There are no surprises for me in my soggy brown lunch bag, for I packed the lunch myself that morning. I pulled out the four iced oatmeal cookies immediately, without thinking. I saw the crustless peanut butter and jelly sandwich and reacted viscerally, pushing the opening of the bag away from my eyes.
I remember how happy my mom had been, showing me the little tin construction that looked like a big cookie cutter. “It’s for sandwiches,” she told me, smiling. She pressed it into the sandwich, showing me how, making it look like a soft pie made of white bread. I was happy too, at first, before I realized that the sandwich cutter would push all the chunky peanut butter and blackberry jelly to the center of the bread, making the filling thick, coagulated, and impossible to swallow. I made that sandwich with that sandwich cutter every morning with the full knowledge that I was never going to eat it.

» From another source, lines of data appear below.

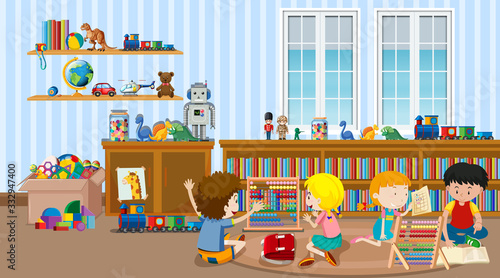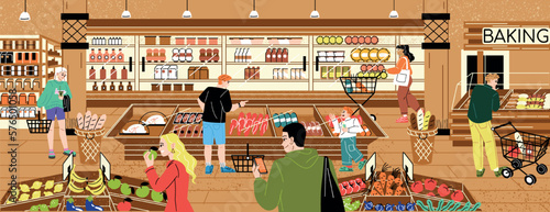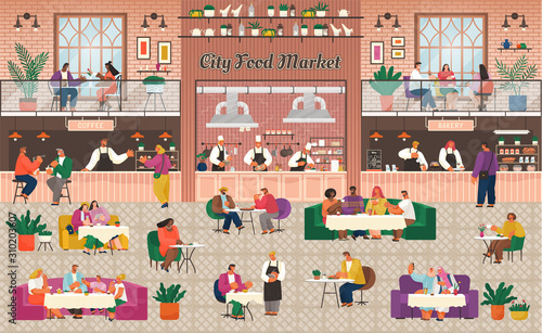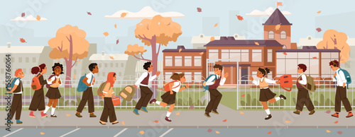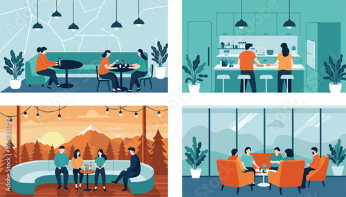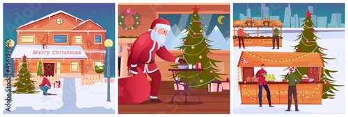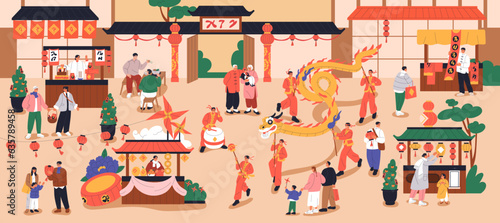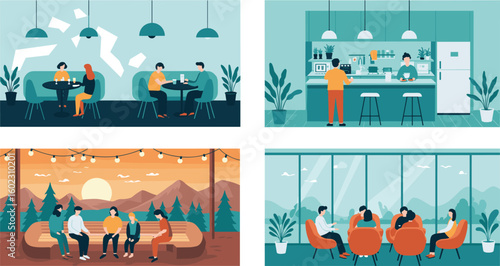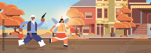 People celebrating Halloween, flat vector illustration. Family characters decorating home with bat garland, pumpkins, friends dancing in carnival costumes at Halloween party, kids trick or treating.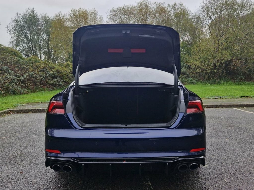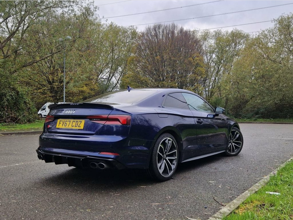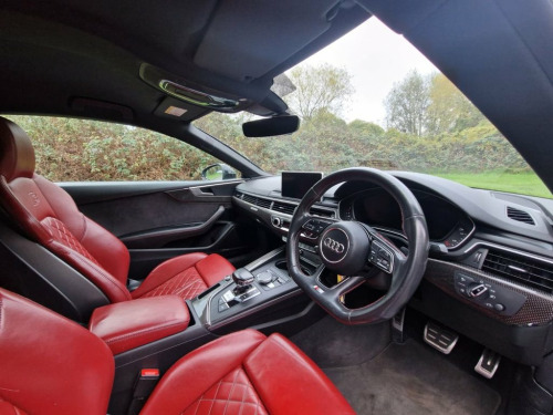 FINANCE AVAILABLE Here we have for sale a AUDI S5 3.0 TFSI V6 Coupe 2dr Petrol Tiptronic quattro Euro 6 (s/s) (354 ps)This car is incredibly good condition both inside and out and benefits from in an incredible specification, full service history and Huge spec includes Keyless entry, Keyless Start B&O Sound, Stunning heated red leather electric seats with massage function, Apple car play, Park Assist with reverse camera, Flat bottom multifunction steering wheel and more. This car sounds amazing and is a thrill and a joy to drive. MUST BE SEEN AND DRIVEN TO BE APPRECIATED S Suspension with Damping Control, Rear-View Camera, Fine Nappa Leather - S Super Sport Seats, Matrix LED Headlights with LED Rear Ligh, Navarra Blue, Comfort and Sound Package, Flat-Bottomed 3-Spoke Leather High Multi, Audi Virtual Cockpit, Privacy Glass, Brake Calipers - Red, 19in Alloy Wheels - 5-Spoke Cavo Design , 2 x USB Charging Ports and 1 x AUX-IN, 4-Way Electric Lumbar Support, 6-Airbag System, ABS - Anti-Lock Braking System, Aluminium-Effect Door Mirror Housings, Anti Theft Locking Wheel Bolts, Anti-Theft Alarm, Audi Beam, Audi Connect Infotainment Services - 3 M, Audi Connect Safety and Service, Audi Drive Select, Audi Smartphone Interface, Audi Sound System, Auto-Dimming Rear-Vi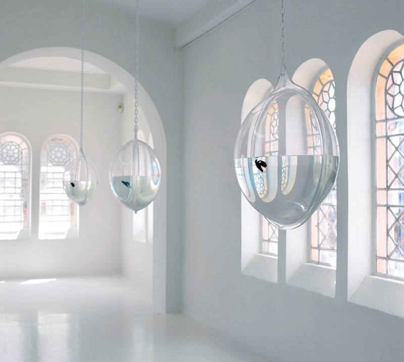 Bois, ouate, 4 plateformes, 180 × 220 cm, trois aquariums en plexiglas, Ø 55 cm, poissons combattants, dispositif sonore, éléments disponibles sur les plateformes: boules Quies©, pommade et patchs anesthésiants décontractants, masque pour les yeux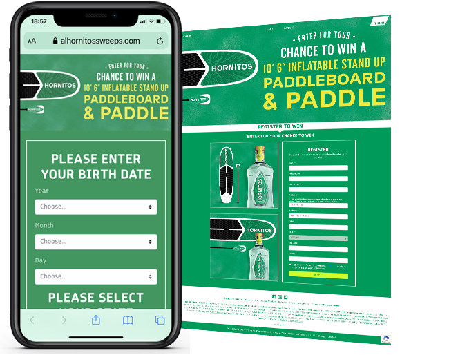 Beam Suntory earned additional display space in Alabama retail outlets by creating exciting displays with Hornitos paddleboards and signage to drive engagement via Snipp’s Text-to-Enter solution and vibrant new Sweeps registration template built on our receipt processing platform. Consumers can text the keyword HORNITOS to 811811 to get a link to enter.

After the cookies and on a good day, I would eat the Cheez-its or the Goldfish. Sometimes I would throw in an apple or a banana as a dark private joke. The mess of clear Ziploc bags in front of me made me think of Isa Guardalabene’s pink plastic bento box with vague envy. I could not muster pointed jealousy over something as disgusting as food.
If I had no chips or crackers, lunch was over. If it was raining, as it was that day, I was caught in the middle of the gaping, slobbering mouths, surrounded on all sides by warm, rank school lunches. Boiled chicken in thick, almost clear gravy. Salty mashed potatoes dropped on a beige plastic tray from a height with an ice cream scoop. Stale bread with cheese bubbles and tiny perfect chewy cubes, called pepperoni pizza. I could hear the chatter of my friends, but more than that I could hear the squeaky scrape of plastic utensils, the wet smack of chewing, the guttural, vomitous sound of someone gulping down milk. I tried not to breathe, but in the hot room and the omnipresent sounds, I couldn’t find the strength. I felt like I was being slowly steamed, could feel the moist sweat under my armpits cutting into me and boiling me alive. By the end of the lunch period I was as lucid as overcooked broccoli, soggy and mushy and tasteless in my mouth.